We later explain some explorations that were done on our calendar dataset. However, here we show how we added a column of indicators to the master dataset for each holiday; a listing received a "1" on a certain column if its price fluctuated on the day of the holiday. 

In [None]:
# array of most important holidays 
unique_ids = df_final['id'].unique()
unique_dates = ['2015-01-01', '2015-07-04', '2015-12-25', '2015-12-31']

# empty arrays which we will add our indicators to 
new_years = []
july_4th = []
christmas = []
eve = []
holidays = [new_years, july_4th, christmas, eve]

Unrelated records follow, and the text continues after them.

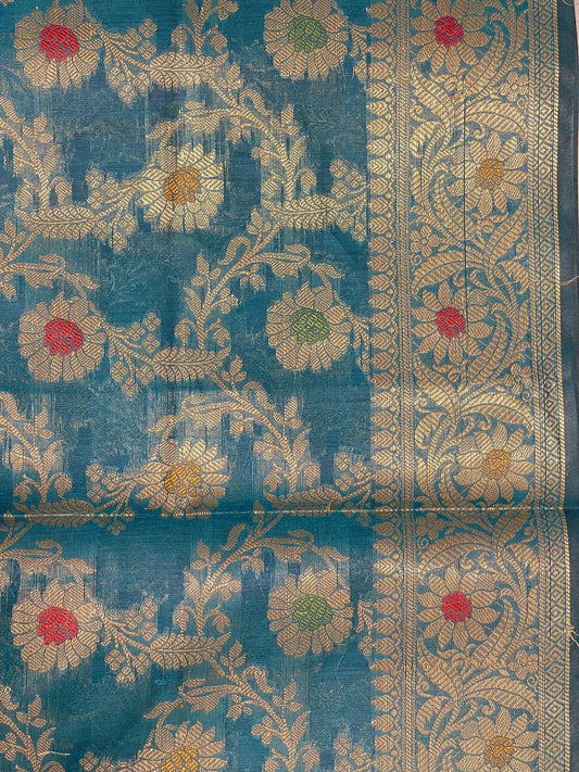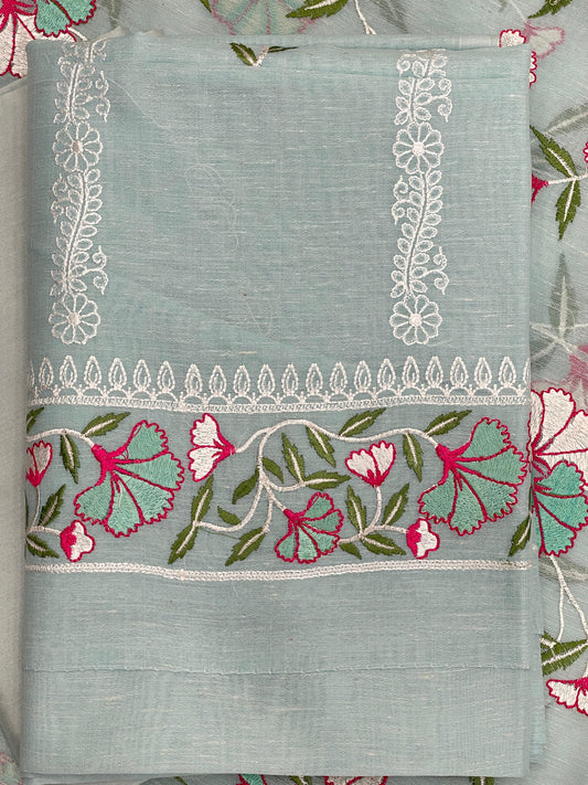 Seagreen Cotton Linen Embroidery Banarasi 3 pcs Suit Set 1200IM_CL4
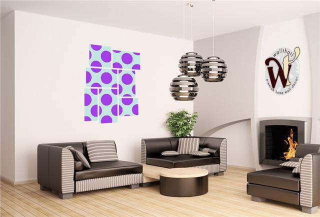 Kearas Polka Dots Purple And Blue - 7 Piece Fabric Peel and Stick Wall Skin Art (50x38 inches)
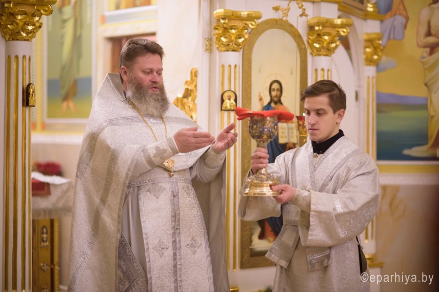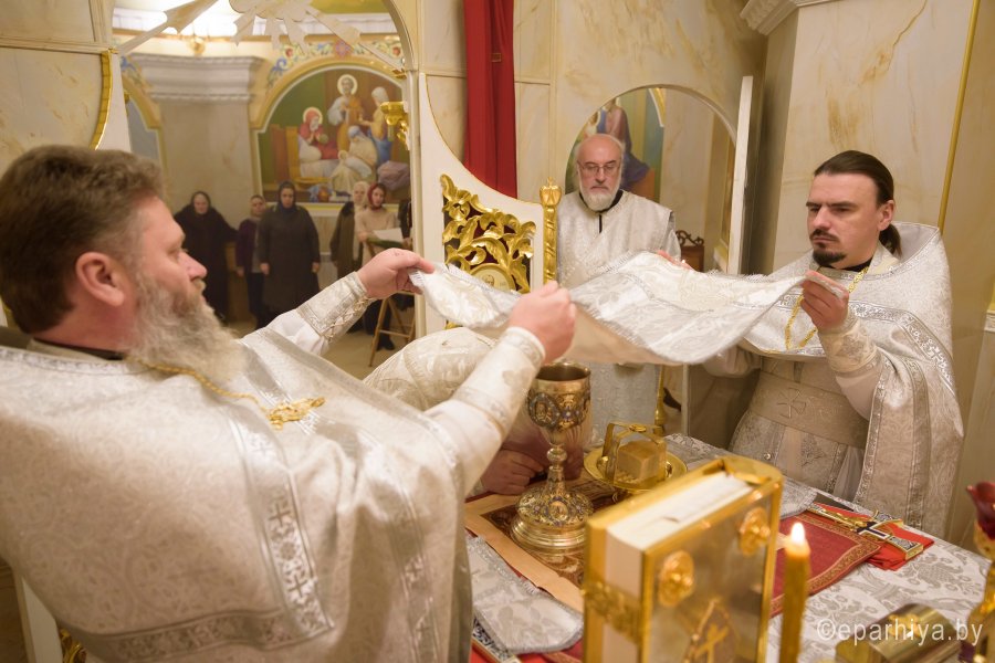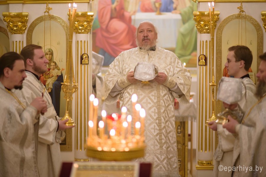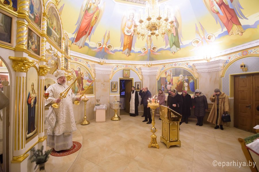 Божественную литургию во вторник 35-й седмицы по Пятидесятнице 22 января 2019г. Высокопреосвященный Стефан в сослужении духовенства собора совершил в крестильном храме Петро-Павловского кафедрального собора г.Гомеля. По окончании богослужения Владыка поздравил причастников с принятием Святых Христовых Таин и обратился к молящимся со словами Архипастырского назидания. |

# add an indicator for each row if a listing's price changed on any of these holidays 
for i in range(len(unique_ids)):
    real_price = df_final['price'][i]
    list_prices = calendar[calendar['listing'] == unique_ids[i]]
    # indicator column for each holiday
    for j in range(len(unique_dates)):
        price_holiday = list_prices['price'][list_prices['date'] == unique_dates[j]]
        if len(price_holiday) > 0:
            # check if price changes on that holiday 
            if price_holiday.iloc[0] != real_price:
                holidays[j].append(1)
            else:
                holidays[j].append(0)
        else:
            holidays[j].append(0)

In [None]:
# add column of indicators for each holiday to the dataset
df_final['New Years'] = new_years
df_final['July 4th'] = july_4th
df_final['Christmas'] = christmas
df_final['New Years Eve'] = eve

### Adding "Nearest Attractions" Feature

More details are shown in a separate notebook, but here we add a count of the best attractions in NY that the listing is close to. 

In [None]:
attractions = pd.read_csv('attractions_added.csv')

In [None]:
attractions = attractions['attraction_count']
df_final['attraction_count'] = attractions

### Standardization of Certain Variables

In a separate dataset, after an iteration of tuning models, we noticed a few features that were skewing our results because they were not standardized. Hence, we added this step of 'feature engineering' to our final dataset, in which we standardized/winsorized certain features in our master dataset.

In [None]:
#standardize the new data
for feat in ['host_since','first_review','last_review']:
    df_final[feat] = (df_final[feat] - df_final[feat].mean()) / (df_final[feat].max() - df_final[feat].min())
df_final['maximum_nights'] = mstats.winsorize(df_final['maximum_nights'],limits=(0,0.95))

### Final Dataset!!

In [None]:
df_final.head()

In [None]:
# all of the columns in our master dataset
df_final.columns

In [None]:
df_final.to_csv('airbnb_final.csv')

### Prices

Because we found numerous outliers in the dataset, we believed it would be better to take the log of prices so that prices could be plotted on a more normal distribution. This would also allow us to see relationships between variables and price better. 

In [None]:
log_price = df_final.price.apply(math.log)
df['log_price'] = log_price
df['log_price'].to_csv('log_prices.csv')